While certain novel features of this invention have been shown and described and are pointed out in the annexed claim, it is not intended to be limited to the details above, since it will be understood that various omissions, modifications, substitutions and changes in the forms and details of the device illustrated and in its operation can be made by those skilled in the art without departing in any way from the claims of the present invention.

Claims

I claim:

1. A light emitting diode (LED) device comprising:

an aluminum base comprising two first channels arranged in parallel, and a heat dissipation channel between the two first channels where each first channel has a top slot opening partially covered by at least a top wall, the aluminum base is configured with a first locking element adjacent to each top slot opening, the first top slot openings, the top wall, and the two first locking elements are all along the length of the aluminum base, and all face upward;

a LED lighting module joined to a top side of the aluminum base where the LED lighting module comprises a circuit board, the circuit board has one or more LED lighting elements and the LED lighting elements are connected to at least a connector assembly configured at an end of the circuit board, the connector assembly comprises a first terminal, a second terminal, and a bridge element, the first terminal has a first end electrically connected to a positive terminal of the circuit board, the second terminal has a first end electrically connected to a negative terminal of the circuit board, the bridge element has a second locking element configured at each end, and each second locking element is locked to a corresponding first locking element;

a heat dissipation plate positioned between the aluminum base and the LED lighting module where a first major side of the heat dissipation plate is configured with a first heat conduction surface and a second major side of the dissipation plate is configured with a second heat conduction surface, the first heat conduction surface is attached a bottom side of the LED lighting module, and the second heat conduction surface is attached to the top wall of the aluminum base;

two insulating strips, each threaded in a first channel where each insulating strip has a second channel with a second top slot opening corresponding to the first top slot opening of the first channel, and, in a first lateral side wall of each second channel, a third channel connecting and tangent to the second channel is provided; and

a first conductive strip and a second conductive strip where each of the first and second conductive strips is threaded in the third channel of an insulating strip, and each of the first and second conductive strips is exposed in the second channel;

wherein, as the LED lighting module is joined to the aluminum base, the second locking elements are locked to the corresponding first locking elements, the first terminal contacts the first conductive strip, the second terminal contacts the second conductive strip, and the second heat conduction surface contacts the top wall of the aluminum base.
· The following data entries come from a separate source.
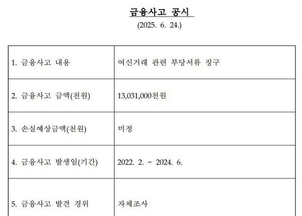 25일 SC제일은행은 여신거래 관련 부당서류 징구로 130억3100만원 규모 금융사고가 발생했다고 전날 공시했다. 대출 사고가 발생한 기간은 2022년 2월부터 지난해 6월까지 약 2년4개월로, 손실 예상금액은 미정이다. 대출 실행 과정에서 차주가 허위 서류를 제출했으나, 이 사실을 파악하지 못하는 등 은행 쪽 과실에 따른 것으로 알려진다.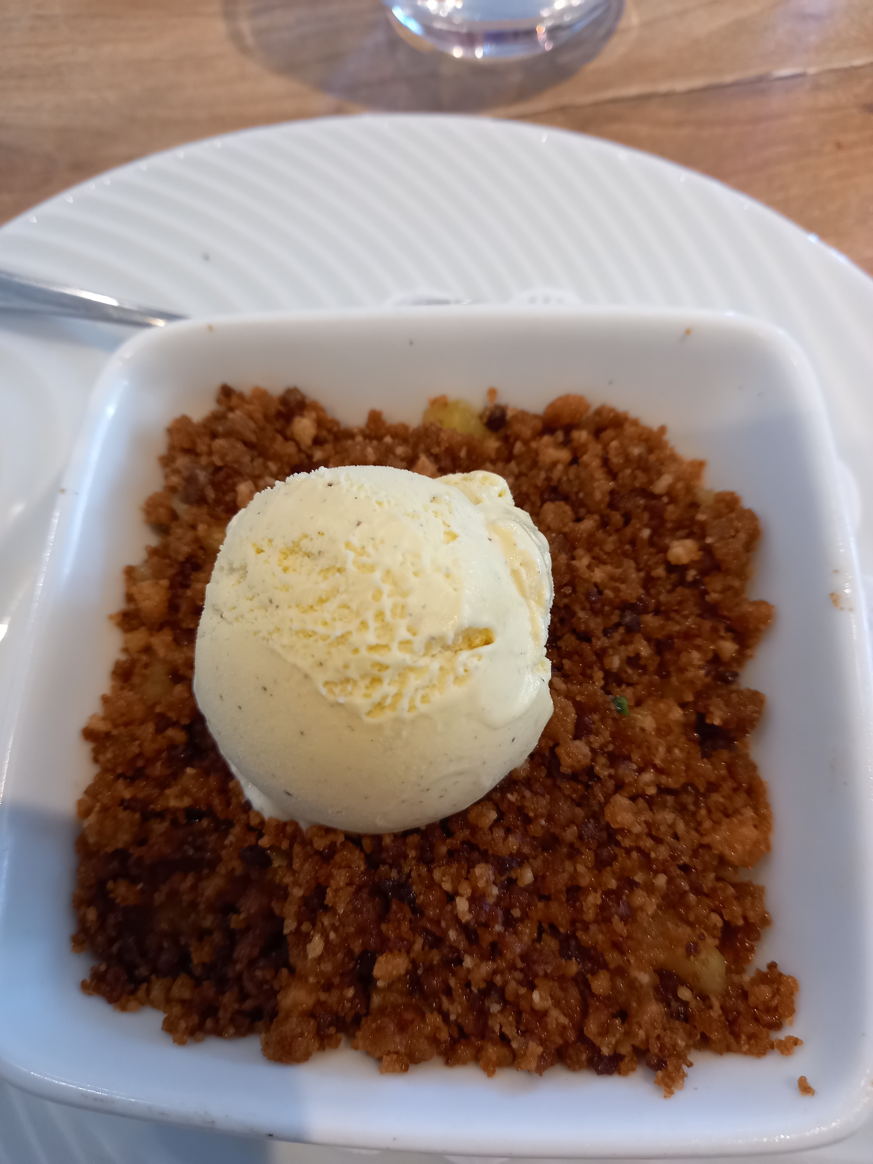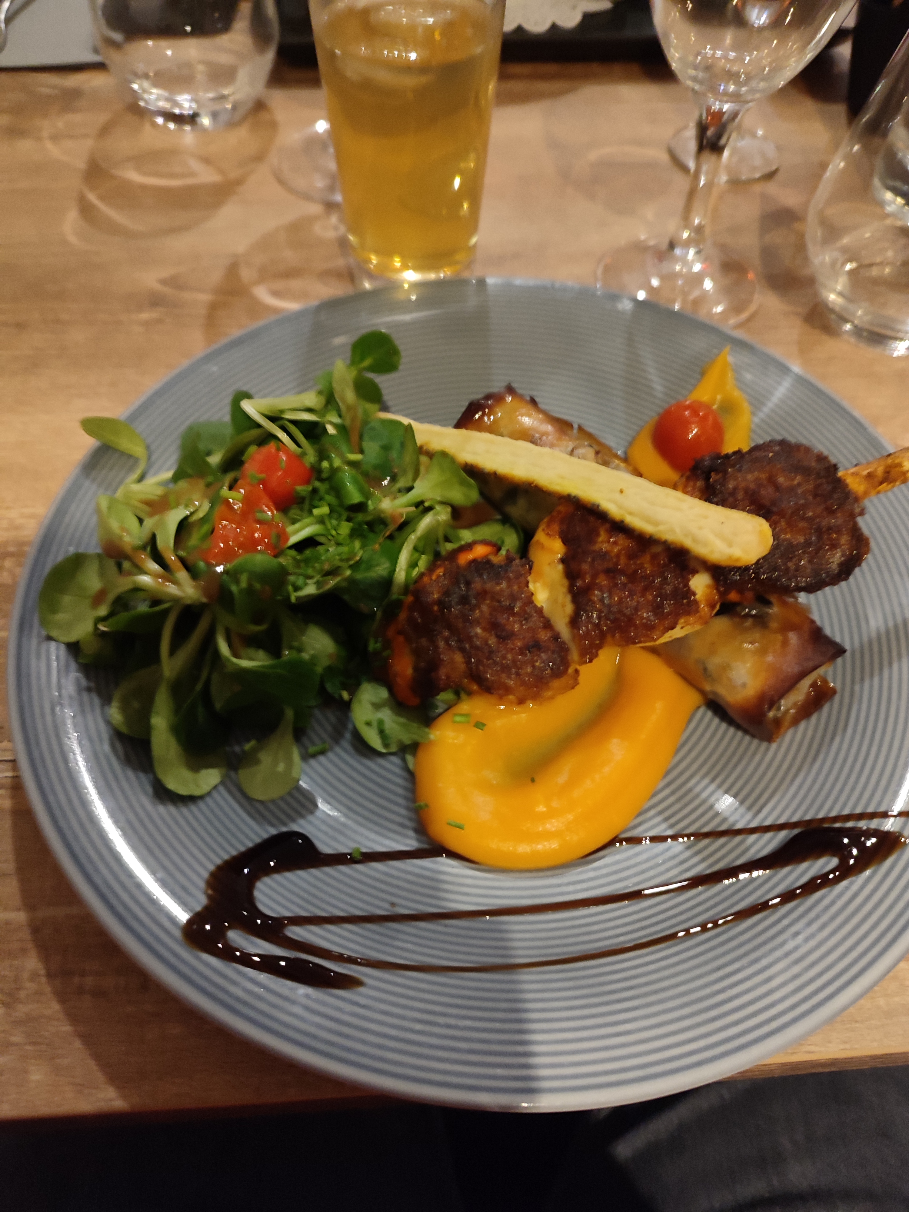 Un service très agréable et amical tout en étant pro, une carte complète et concise pour être fraîche, un poisson du jour impeccable tant à l'œil qu'à la dégustation (filet de maigre bisque de Langoustine avec choux rouge sur brique, endive braisée, écrasé de pommes de terre et fondue de poireaux), un régal. Moi qui ne prends pas de fromage souvent, les quartiers de camembert coulant panés sur un lit de poires Williams confites... Mmmmm Il y a juste le carrelage au sol qui fait ancienne cantine et qui n'est pas à la hauteur des saveurs et du service... Bah on lui pardonne au carrelage 😉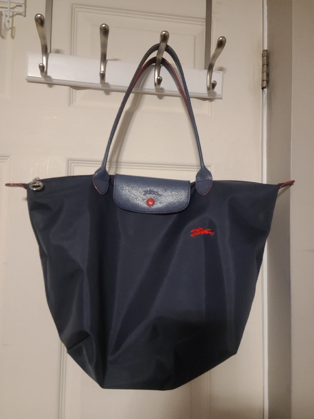 This is a beautiful Longchamp Le Pliage tote bag in a navy colour. It has leather trim and handles. It's a classic and versatile bag for everyday use!
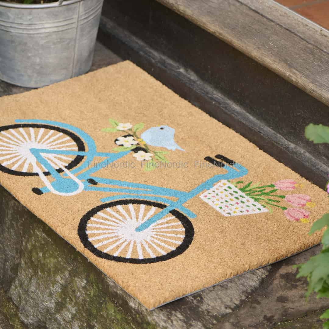 Lassen Sie die Geschichte Ihres Zuhauses an der Türschwelle beginnen. Diese Fußmatte von Ib Laursen fängt die schlichte Freude einer Fahrt über Land ein, mit ihrem wunderschön illustrierten Fahrrad, das bereit für einen Ausflug zum Wochenmarkt ist. Der Korb quillt über vor rosa Tulpen, während ein süßer kleiner Vogel für die Fahrt mitgekommen ist – eine Szene, die Ihnen mit Sicherheit ein Lächeln ins Gesicht zaubern wird. Sie ist mehr als nur eine Matte; sie ist ein kleines Kunstwerk, das einen einladenden, fröhlichen Ton für Ihr gesamtes Zuhause angibt.

2. The LED device according to claim 1, wherein the heat dissipation channel has an internal convection space.

3. The LED device according to claim 2, wherein each first channel has a rib on an inner surface along the first channel's length; each insulation strip has a notch on an outer surface; and each notch corresponds to a rib of the first channel.

4. The LED device according to claim 2, wherein the first terminal has a second end extended downward to be below the circuit board; and the second terminal has a second end extended downward to be below the circuit board.

5. The LED device according to claim 2, wherein the bridge element is made of a flexible material.